The Freelancers’ Union ultimately serves three purposes: allowing freelancers (of all varieties) to function as a community and network, forming groups to find lower priced insurance and to advocate freelancers’ needs to policymakers.
Wow. That’s a mouthful. What you might really want to know, as a freelancer, is what can this group do for me, and what would I need to do in exchange? I’m speaking from the point of view as someone who’s joined up, tempted by the free membership and promise of cheap insurance, both of which are given.
The Freelancers’ Union is free to join, which is nice for all us freelancers’ on a tight budget.
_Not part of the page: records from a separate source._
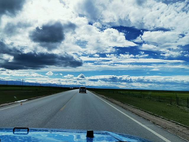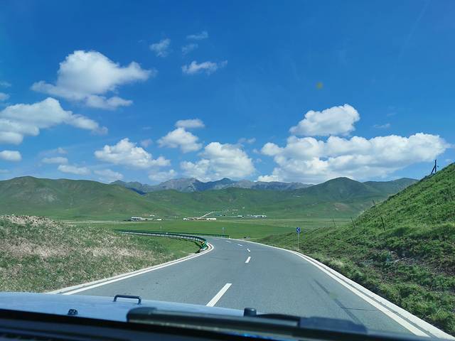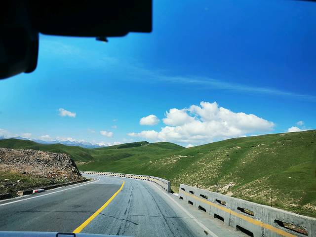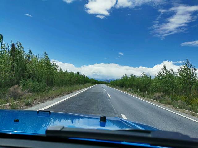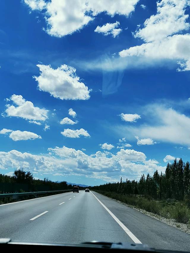 去情人湖、翡翠湖的路上的蓝天白云,风景如画。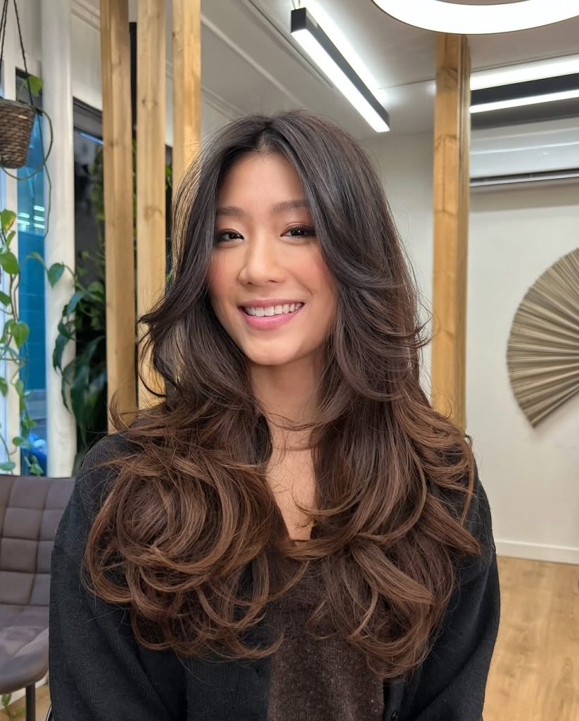 This is the modern blowout-wave dream: cascading face-framing pieces, a lifted crown, and ends that curve with movement rather than hanging heavy. The signature here is the butterfly cut concept—shorter, swoopy layers around the face plus longer length behind—creating that “two haircuts in one” illusion. For wavy hair, it’s a cheat code: you get body without sacrificing length.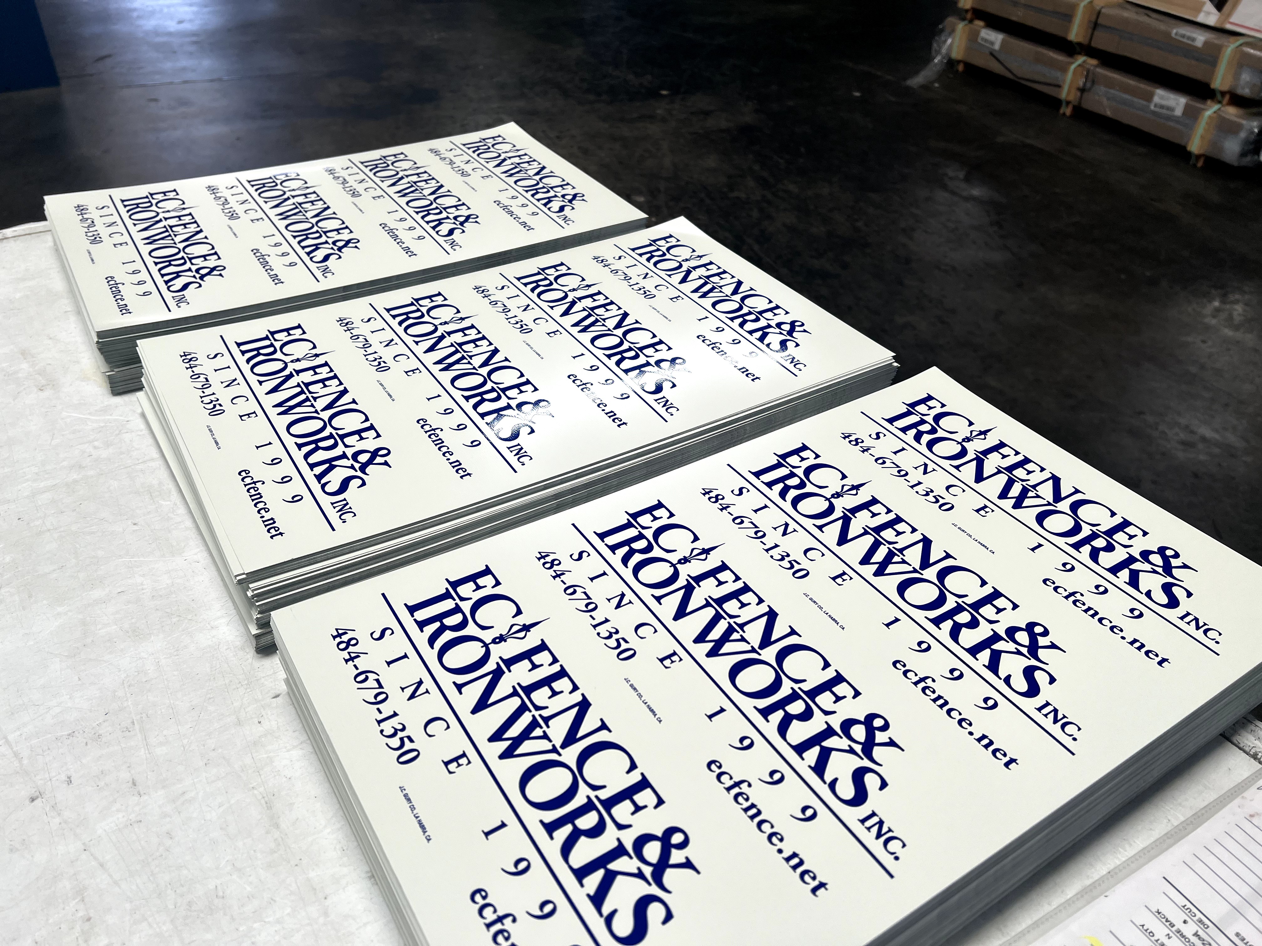 Custom blue and white rectangle sign for fence businesses

Affiliation with the organization actually gets you a number of perks (although some are far easier to get if you live in New York, where the union was founded): the ability to purchase cheaper insurance, a listing in the Freelancers’ Yellow Pages, access to the forums, discounts at certain stores and educational opportunities.
You’ll have to take it upon yourself to be active, though. All those forums and other opportunities require some involvement on your part to be useful. The cost here is simply your time. I think it’s worth it, but do you?
The insurance holds the big allure here — it’s almost impossible for a freelancer to get decent insurance without indenturing the first-born. But I think the Freelancers’ Union’s ability to act as an advocate is extremely important. The number of freelancers keeps growing, as the idea of any number of professions needing to be tied to a desk to work decays. Our needs must be represented to the government, if they are to be met.